> _Data block_
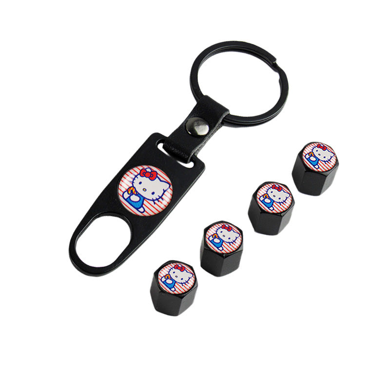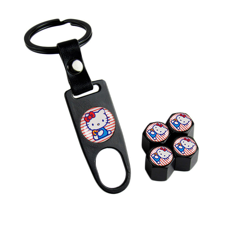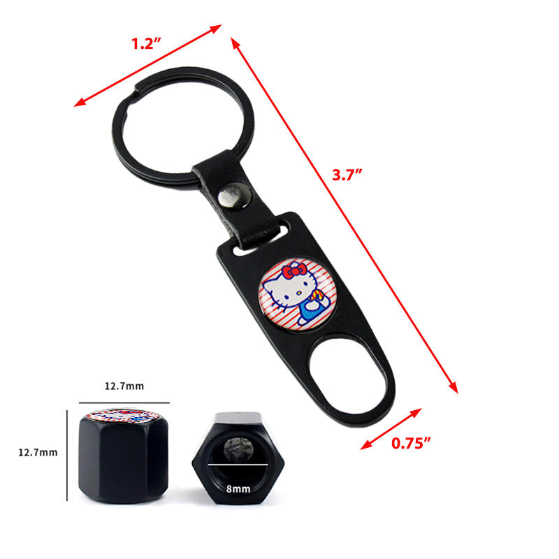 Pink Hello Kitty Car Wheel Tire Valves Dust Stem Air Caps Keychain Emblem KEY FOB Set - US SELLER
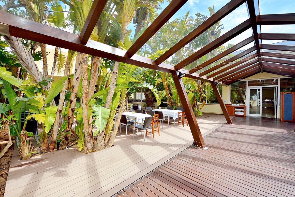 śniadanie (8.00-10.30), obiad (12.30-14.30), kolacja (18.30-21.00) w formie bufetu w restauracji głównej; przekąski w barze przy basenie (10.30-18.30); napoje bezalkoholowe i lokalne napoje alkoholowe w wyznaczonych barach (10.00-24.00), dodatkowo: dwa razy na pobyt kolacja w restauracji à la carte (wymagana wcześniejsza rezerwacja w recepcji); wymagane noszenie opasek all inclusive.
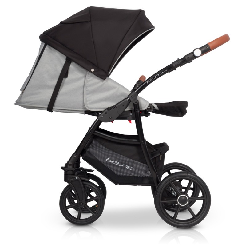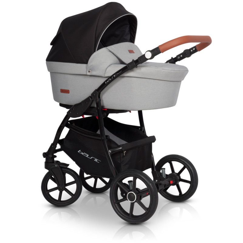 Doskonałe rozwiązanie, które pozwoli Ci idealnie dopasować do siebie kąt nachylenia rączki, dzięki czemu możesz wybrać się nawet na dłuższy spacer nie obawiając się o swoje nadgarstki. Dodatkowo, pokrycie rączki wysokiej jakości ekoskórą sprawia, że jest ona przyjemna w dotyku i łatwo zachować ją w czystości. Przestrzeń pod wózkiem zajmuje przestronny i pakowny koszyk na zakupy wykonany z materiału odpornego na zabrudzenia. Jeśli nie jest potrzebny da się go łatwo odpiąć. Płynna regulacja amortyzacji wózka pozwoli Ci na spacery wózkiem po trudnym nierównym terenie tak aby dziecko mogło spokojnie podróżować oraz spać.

> _Task directions_
This task calls for an exact copy of the data above, without pictures.

> _Answer_
 Pink Hello Kitty Car Wheel Tire Valves Dust Stem Air Caps Keychain Emblem KEY FOB Set - US SELLER
 śniadanie (8.00-10.30), obiad (12.30-14.30), kolacja (18.30-21.00) w formie bufetu w restauracji głównej; przekąski w barze przy basenie (10.30-18.30); napoje bezalkoholowe i lokalne napoje alkoholowe w wyznaczonych barach (10.00-24.00), dodatkowo: dwa razy na pobyt kolacja w restauracji à la carte (wymagana wcześniejsza rezerwacja w recepcji); wymagane noszenie opasek all inclusive.
 Doskonałe rozwiązanie, które pozwoli Ci idealnie dopasować do siebie kąt nachylenia rączki, dzięki czemu możesz wybrać się nawet na dłuższy spacer nie obawiając się o swoje nadgarstki. Dodatkowo, pokrycie rączki wysokiej jakości ekoskórą sprawia, że jest ona przyjemna w dotyku i łatwo zachować ją w czystości. Przestrzeń pod wózkiem zajmuje przestronny i pakowny koszyk na zakupy wykonany z materiału odpornego na zabrudzenia. Jeśli nie jest potrzebny da się go łatwo odpiąć. Płynna regulacja amortyzacji wózka pozwoli Ci na spacery wózkiem po trudnym nierównym terenie tak aby dziecko mogło spokojnie podróżować oraz spać.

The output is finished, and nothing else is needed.